# That Golden Look.... <B



## aesthetic (Apr 23, 2015)

He’s beautiful!


----------



## SteveRuffin (Sep 21, 2021)

I’d have to give him a hug and nose boop Kate. Handsome boy!


----------



## nolefan (Nov 6, 2009)

What a character, you can see it all on his face. Love


----------



## Macca (Aug 11, 2011)

Most handsome marshmallow I've ever seen!


----------



## StanleyMum (Dec 27, 2020)

an absolutely gorgeous marshmallow


----------



## JulieCAinMA (Jun 19, 2020)

He is a cutie! I also enjoyed scrolling through the photos from the website. It was a good reminder that I guess there are other dog breeds that people seem to like 😂😂.


----------



## diane0905 (Aug 20, 2010)

Jovi is beautiful and looks like a sweetie!


----------



## LittleGoldenofthePrairie (Dec 14, 2021)

Where did you get that lead🥰😳🤍

I NEED I NEED


----------



## Megora (Jun 7, 2010)

LittleGoldenofthePrairie said:


> Where did you get that lead🥰😳🤍
> 
> I NEED I NEED








Welcome to Terrapin Craftworks. Handcrafted Custom Beaded Kangaroo Dog Show Leashes, Collars & Fancy Wet Coats.


Custom, personalized hand crafted, braided and beaded kangaroo dog show leashes. Dog show leads, collars and fancy wet coats. Chris Millman, Terrapin Craftworks, London, Ontario, Canada.



www.terrapincraftworks.com





He will put together whatever colors you want.


----------



## Megora (Jun 7, 2010)

diane0905 said:


> Jovi is beautiful and looks like a sweetie!


He is the sweetest golden I've ever owned. It says a lot about him that his worst fault in the show ring is the fact he likes to look up at me.


----------



## LittleGoldenofthePrairie (Dec 14, 2021)

Megora said:


> Welcome to Terrapin Craftworks. Handcrafted Custom Beaded Kangaroo Dog Show Leashes, Collars & Fancy Wet Coats.
> 
> 
> Custom, personalized hand crafted, braided and beaded kangaroo dog show leashes. Dog show leads, collars and fancy wet coats. Chris Millman, Terrapin Craftworks, London, Ontario, Canada.
> ...


Thank you!!!


Megora said:


> He is the sweetest golden I've ever owned. It says a lot about him that his worst fault in the show ring is the fact he likes to look up at me.

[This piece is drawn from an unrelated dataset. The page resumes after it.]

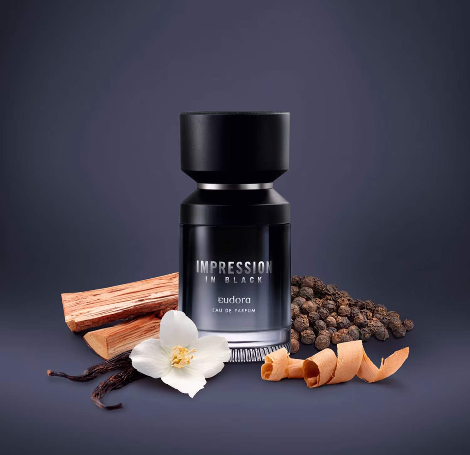 Impression In Black é um eau de parfum Eudora masculino amadeirado especiado. Fragrância que envolve com notas de couro, bálsamo e especiarias.

awwwww I feel like that’s not a fault though…I’ve always felt that little moments like those would make a judge like a golden more so it’s funny to hear!


----------



## Megora (Jun 7, 2010)

LittleGoldenofthePrairie said:


> awwwww I feel like that’s not a fault though…I’ve always felt that little moments like those would make a judge like a golden more so it’s funny to hear that


The judges appreciate the sweetness - but it throws their gait off slightly. It basically gives a judge a very easy reason to bump your dog down in placements.


----------



## LittleGoldenofthePrairie (Dec 14, 2021)

Megora said:


> Welcome to Terrapin Craftworks. Handcrafted Custom Beaded Kangaroo Dog Show Leashes, Collars & Fancy Wet Coats.
> 
> 
> Custom, personalized hand crafted, braided and beaded kangaroo dog show leashes. Dog show leads, collars and fancy wet coats. Chris Millman, Terrapin Craftworks, London, Ontario, Canada.
> ...


Thank you!!!


Megora said:


> The judges appreciate the sweetness - but it throws their gait off slightly. It basically gives a judge a very easy reason to bump your dog down in placements.

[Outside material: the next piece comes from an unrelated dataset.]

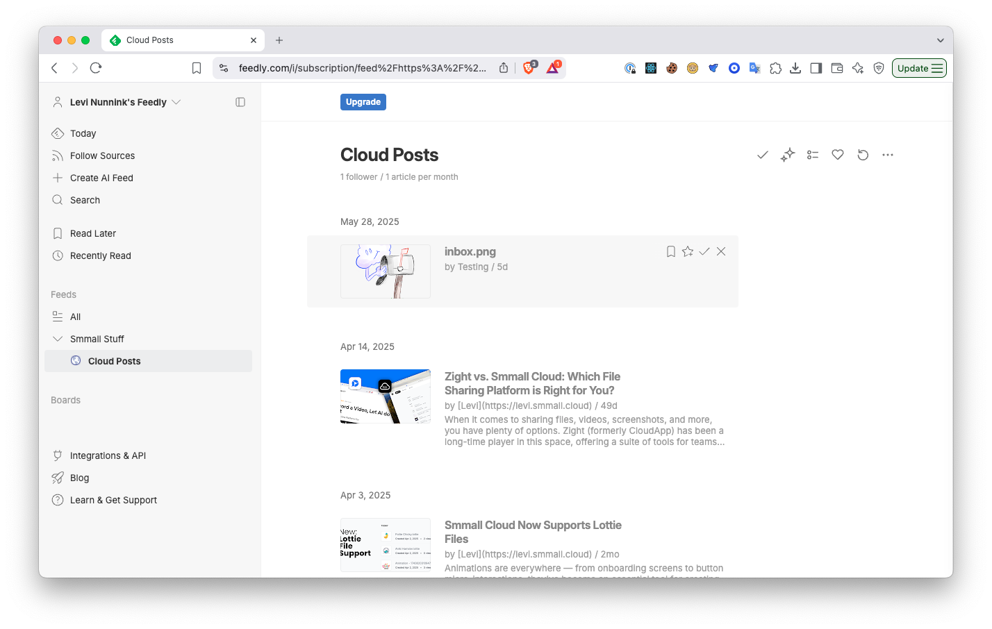 <figure><img src="https://3339468055-files.gitbook.io/~/files/v0/b/gitbook-x-prod.appspot.com/o/spaces%2FC4uAXnQI1lFTPXLjdosr%2Fuploads%2FA8sYL2EOP81aUJKD7sZG%2Fimage.png?alt=media&#x26;token=591d31d2-88d6-4ceb-b7ec-3515e3b59510" alt=""><figcaption><p>Folder contents displayed in Feedly</p></figcaption></figure>

what a silly thing🥺 he is beautiful in my eyes inside and out🥰🤍


----------



## jdsh16 (Nov 21, 2021)

I love him!!! What great pics of him!!!


----------



## JP1 (Jan 10, 2022)

Super Handsome … so much so like a freshly waxed Corvette I’d be afraid to take him out in the rain and get him wet


----------



## MushyB (Oct 31, 2018)

What a gorgeous boy!! Love the mischievous glint in his eye in the 2nd photo 💜


----------



## Megora (Jun 7, 2010)

JP1 said:


> Super Handsome … so much so like a freshly waxed Corvette I’d be afraid to take him out in the rain and get him wet


He looks just fine in the rain too.


----------



## rjw4244 (May 14, 2013)

JulieCA said:


> He is a cutie! I also enjoyed scrolling through the photos from the website. It was a good reminder that I guess there are other dog breeds that people seem to like 😂😂.


Julie - there are other dog breeds?


----------



## Ffcmm (May 4, 2016)

He is gorgeous!


----------